Synonyms: Anti-TGN38 homolog; Anti-TGN46; Anti-TGN48; Anti-Trans-Golgi network integral membrane protein 2 precursor; Anti-Trans-Golgi network protein TGN51
Storage: -20C
Application: Anti-TGOLN2 antibody produced in rabbit, a Prestige Antibody, is developed and validated by the Human Protein Atlas (HPA) project (www.proteinatlas.org). Each antibody is tested by immunohistochemistry against hundreds of normal and disease tissues. These images can be viewed on the Human Protein Atlas (HPA) site by clicking on the Image Gallery link. The antibodies are also tested using immunofluorescence and western blotting. To view these protocols and other useful information about Prestige Antibodies and the HPA, visit sigma.com/prestige.

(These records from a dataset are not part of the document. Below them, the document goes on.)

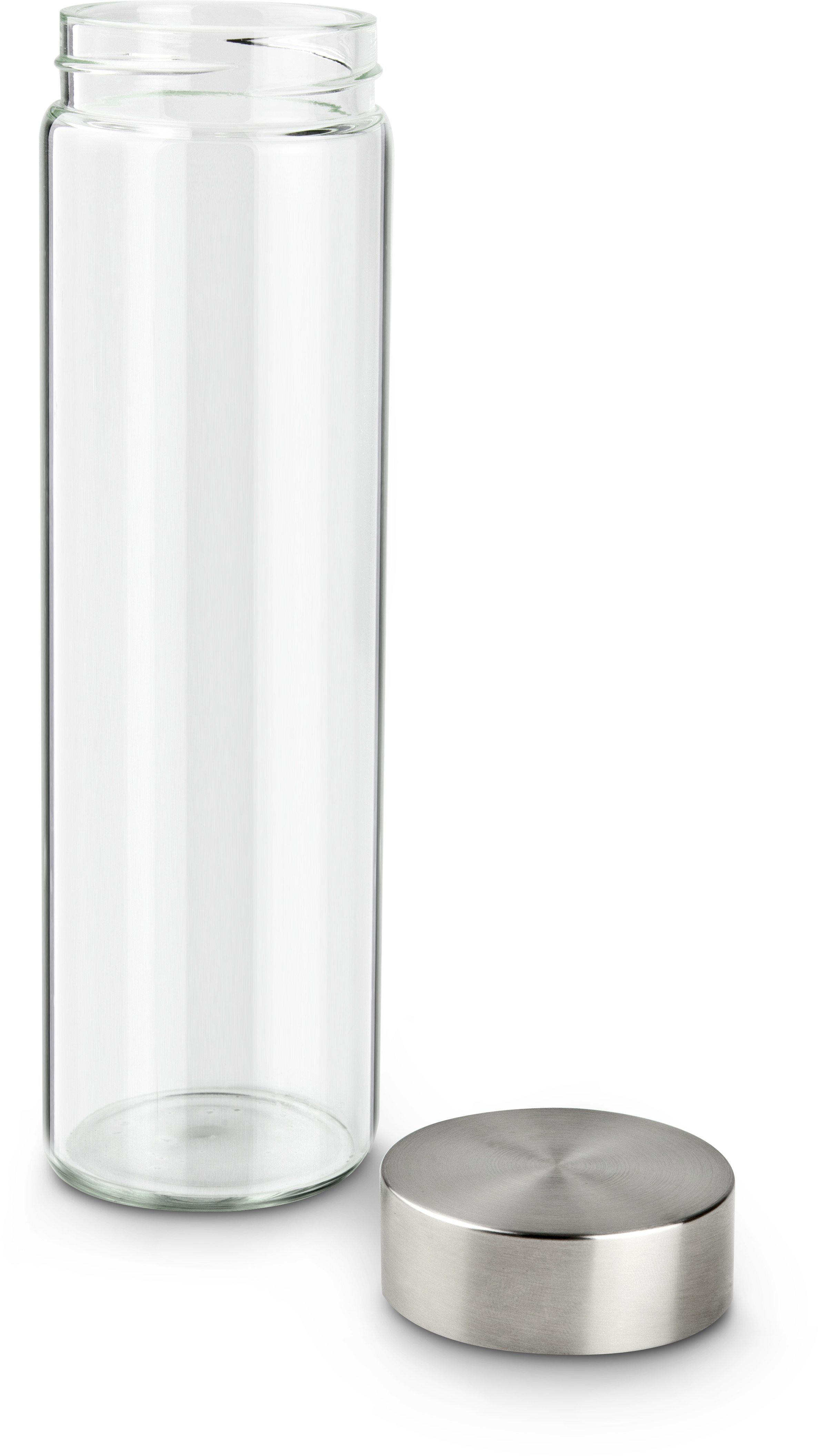 Puristisches und lineares Design, fest verschließender Schraubdeckel mit Dichtungsring, ideal für den Schreibtisch oder den Konferenzraum, temperatur- und spülmaschinenbeständiges Glas, 500 ml (Borosilikatglas, Edelstahl - seidenmatt gebürstet)
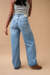 Citizens of Humanity Ayla baggy jean in medium light indigo Cupid wash. The ‘Ayla’ jean offers a refined take on the baggy silhouette with a relaxed fit that sits away from the body while maintaining a clean, intentional shape. Crafted from rigid regenerative cotton with a soft hand, it’s an easy staple that styles effortlessly. Can be styled cuffed up once or twice and creates a perfect clean fold. Button fly.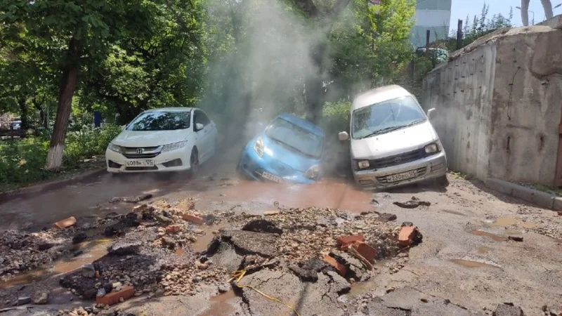 Из-за аварии больше 23 тысяч жителей Владивостока остались без горячей воды, под землю ушли автомобили, залило дорогу и пожарную часть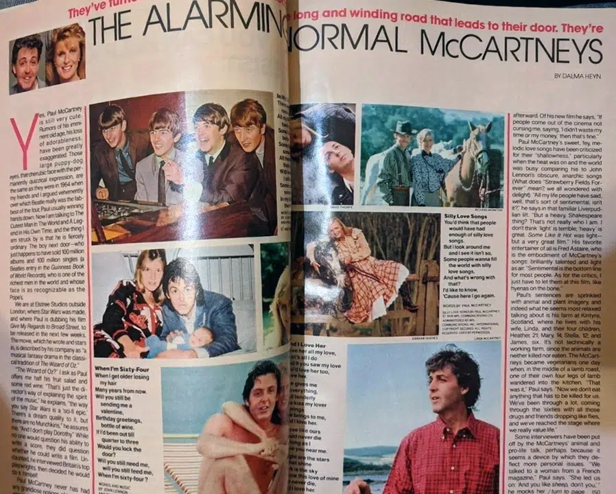 So the term “survival,” literally and figuratively, is as relevant as the term “success” to Paul McCartney, and sheds some light on the life he has chosen. For the McCartneys, caution, conservatism, capitalism, conservation, and deeply traditional values — “alarming normalcy,” as Paul calls it — are consciously cultivated characteristics. They are the family’s protection against burnout, their ticket to a life even legends have a right to — a life in which, as Linda says, “every living thing is free to be happy.” And, as we should know by now, it takes a whole lot more than fame, money, success, and a cute face to be that.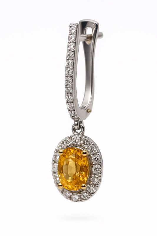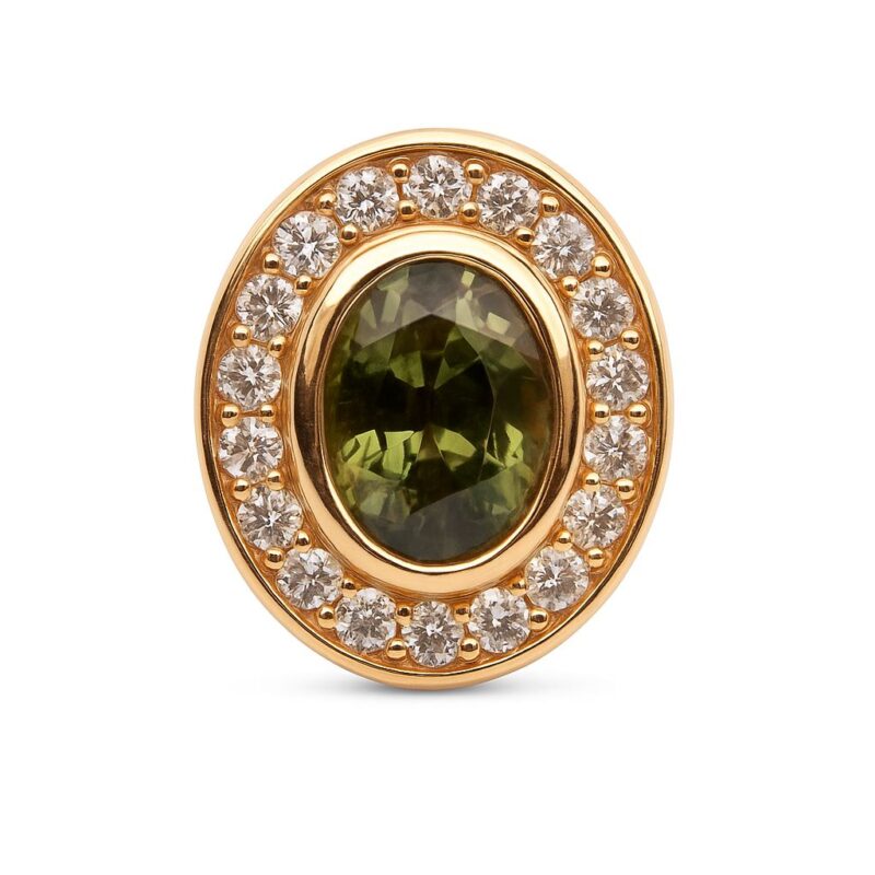 Zachwycający, bogato zdobiony broszko-wisior wykonany z żółto-białego złota próby 585 to połączenie klasyki i biżuteryjnego kunsztu. Jego serce stanowi owalny, głęboko granatowy szafir o masie 1,10 ct, otoczony licznymi diamentami o łącznej masie 1,70 ct.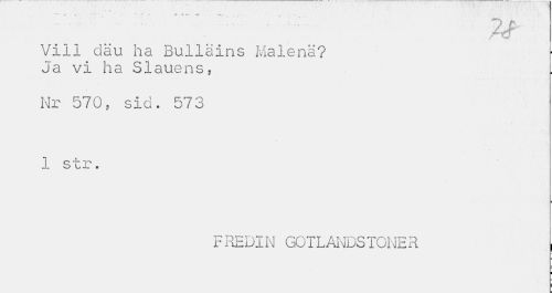 //// f' 4 ~ " * -w , — t - -t //// if //// Vill däu ha Bulläins Malena? Ja vi ha Slauens, //// Nr 570, sid. 573 1 str. //// FREDIN GOTLANDSTONER , //// I //// i ////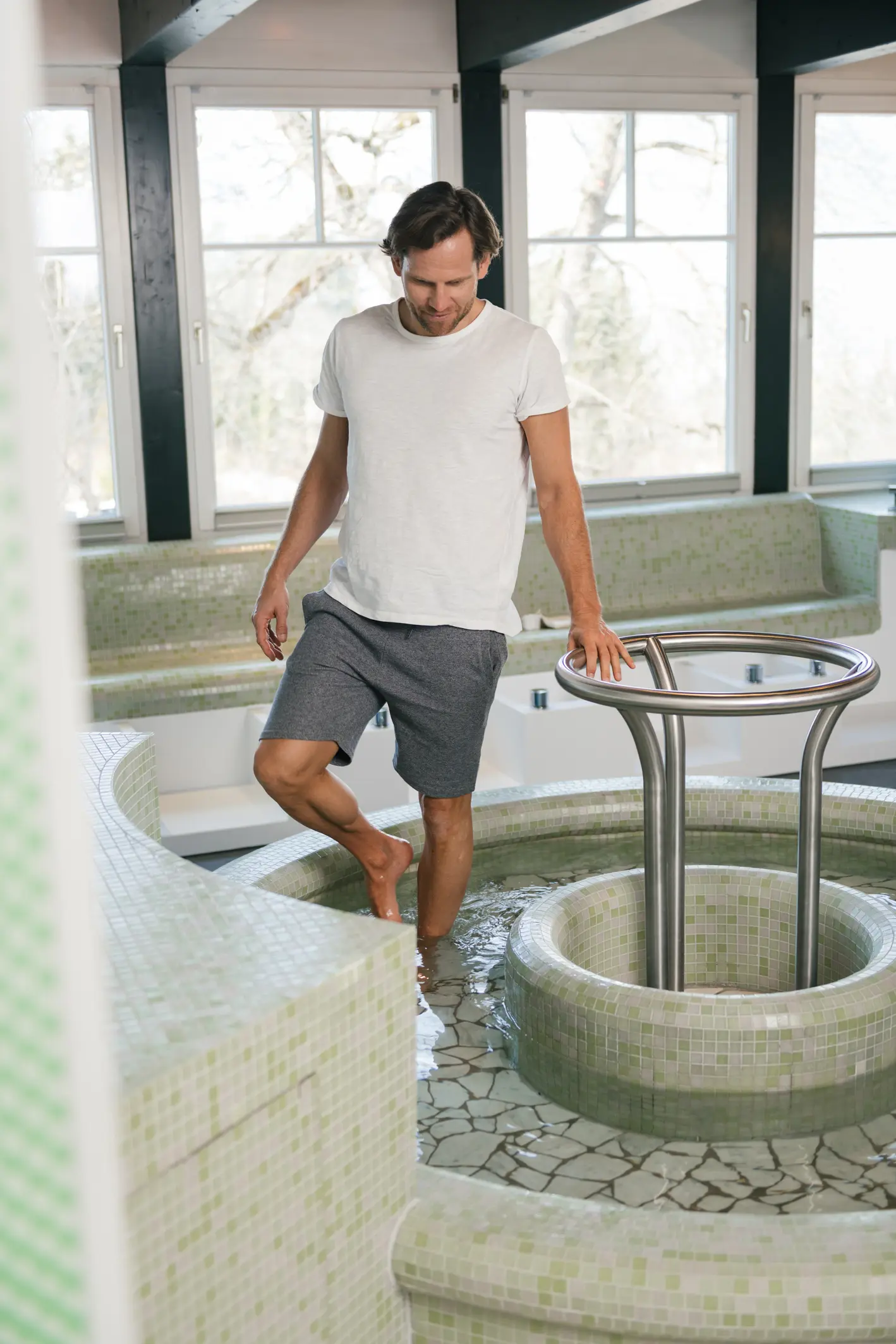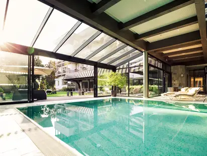 Einsam im Becken seine Bahnen ziehen oder gemeinsam bei Wassergymnastik den Körper aktivieren. Frühmorgens die sanften Sonnenstrahlen tanken oder abends vor dem Schlaf Körper und Geist entspannen – der herrliche Indoorpool ist ein wahrer Traumplatz im Park Igls. Bei Schönwetter werden die großen Glastüren geöffnet und eine herrliche Brise durchflutet das Hallenbad.

Biochem Physiol Actions: Trans-Golgi network integral membrane protein 2 (TGOLN2) cycles between the trans-golgi network (TGN) and the cell surface via an early endosomal compartment. This movement is mediated by a tyrosine-based tetra peptide signal (SDYQRL) in the cytoplasmic domain. It plays an important role in the formation of exocytic vesicles at the TGN by functioning as a receptor for complexes of a cytoplasmic protein known as p62 and a GTP-binding protein. The cytoplasmic domain of TGOLN2 binds to the complex and is essential for budding to occur. Coupling of the segregation of secretory proteins to the budding of exocytic vesicles is mediated by it. The cytosolic domain of TGOLN2 interacts with a complex of four adaptins, called AP2 clathrin adaptor complex and also with the coiled coil region of a protein called neurabin.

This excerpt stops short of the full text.